_Task directions:_
Retype the listing without any alteration.

* * * *

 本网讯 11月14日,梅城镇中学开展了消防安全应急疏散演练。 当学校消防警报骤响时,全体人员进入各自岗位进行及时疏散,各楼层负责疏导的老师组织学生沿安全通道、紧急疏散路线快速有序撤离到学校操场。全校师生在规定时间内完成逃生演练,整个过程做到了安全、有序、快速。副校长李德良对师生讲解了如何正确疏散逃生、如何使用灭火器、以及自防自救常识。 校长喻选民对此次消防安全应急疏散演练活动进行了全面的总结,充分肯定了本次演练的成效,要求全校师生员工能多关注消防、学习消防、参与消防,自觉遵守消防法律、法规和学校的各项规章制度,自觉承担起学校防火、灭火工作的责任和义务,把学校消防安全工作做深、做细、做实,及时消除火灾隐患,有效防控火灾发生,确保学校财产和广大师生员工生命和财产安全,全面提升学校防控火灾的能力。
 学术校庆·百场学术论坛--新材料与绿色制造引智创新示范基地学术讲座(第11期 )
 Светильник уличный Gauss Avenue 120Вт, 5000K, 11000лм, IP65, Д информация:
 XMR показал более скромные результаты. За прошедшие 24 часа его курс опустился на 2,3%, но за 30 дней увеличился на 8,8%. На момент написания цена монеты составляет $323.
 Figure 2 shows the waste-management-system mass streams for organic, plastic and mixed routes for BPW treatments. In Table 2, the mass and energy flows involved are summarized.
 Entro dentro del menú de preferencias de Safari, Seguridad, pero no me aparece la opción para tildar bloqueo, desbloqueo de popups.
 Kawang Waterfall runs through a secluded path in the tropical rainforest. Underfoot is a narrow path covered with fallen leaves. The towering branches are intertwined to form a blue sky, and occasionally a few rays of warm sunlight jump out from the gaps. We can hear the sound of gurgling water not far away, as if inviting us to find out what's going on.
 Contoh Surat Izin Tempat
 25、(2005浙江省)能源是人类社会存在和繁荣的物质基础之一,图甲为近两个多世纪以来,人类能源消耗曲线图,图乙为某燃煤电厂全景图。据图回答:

* * * *

_Finished exercise:_
 本网讯 11月14日,梅城镇中学开展了消防安全应急疏散演练。 当学校消防警报骤响时,全体人员进入各自岗位进行及时疏散,各楼层负责疏导的老师组织学生沿安全通道、紧急疏散路线快速有序撤离到学校操场。全校师生在规定时间内完成逃生演练,整个过程做到了安全、有序、快速。副校长李德良对师生讲解了如何正确疏散逃生、如何使用灭火器、以及自防自救常识。 校长喻选民对此次消防安全应急疏散演练活动进行了全面的总结,充分肯定了本次演练的成效,要求全校师生员工能多关注消防、学习消防、参与消防,自觉遵守消防法律、法规和学校的各项规章制度,自觉承担起学校防火、灭火工作的责任和义务,把学校消防安全工作做深、做细、做实,及时消除火灾隐患,有效防控火灾发生,确保学校财产和广大师生员工生命和财产安全,全面提升学校防控火灾的能力。
 学术校庆·百场学术论坛--新材料与绿色制造引智创新示范基地学术讲座(第11期 )
 Светильник уличный Gauss Avenue 120Вт, 5000K, 11000лм, IP65, Д информация:
 XMR показал более скромные результаты. За прошедшие 24 часа его курс опустился на 2,3%, но за 30 дней увеличился на 8,8%. На момент написания цена монеты составляет $323.
 Figure 2 shows the waste-management-system mass streams for organic, plastic and mixed routes for BPW treatments. In Table 2, the mass and energy flows involved are summarized.
 Entro dentro del menú de preferencias de Safari, Seguridad, pero no me aparece la opción para tildar bloqueo, desbloqueo de popups.
 Kawang Waterfall runs through a secluded path in the tropical rainforest. Underfoot is a narrow path covered with fallen leaves. The towering branches are intertwined to form a blue sky, and occasionally a few rays of warm sunlight jump out from the gaps. We can hear the sound of gurgling water not far away, as if inviting us to find out what's going on.
 Contoh Surat Izin Tempat
 25、(2005浙江省)能源是人类社会存在和繁荣的物质基础之一,图甲为近两个多世纪以来,人类能源消耗曲线图,图乙为某燃煤电厂全景图。据图回答:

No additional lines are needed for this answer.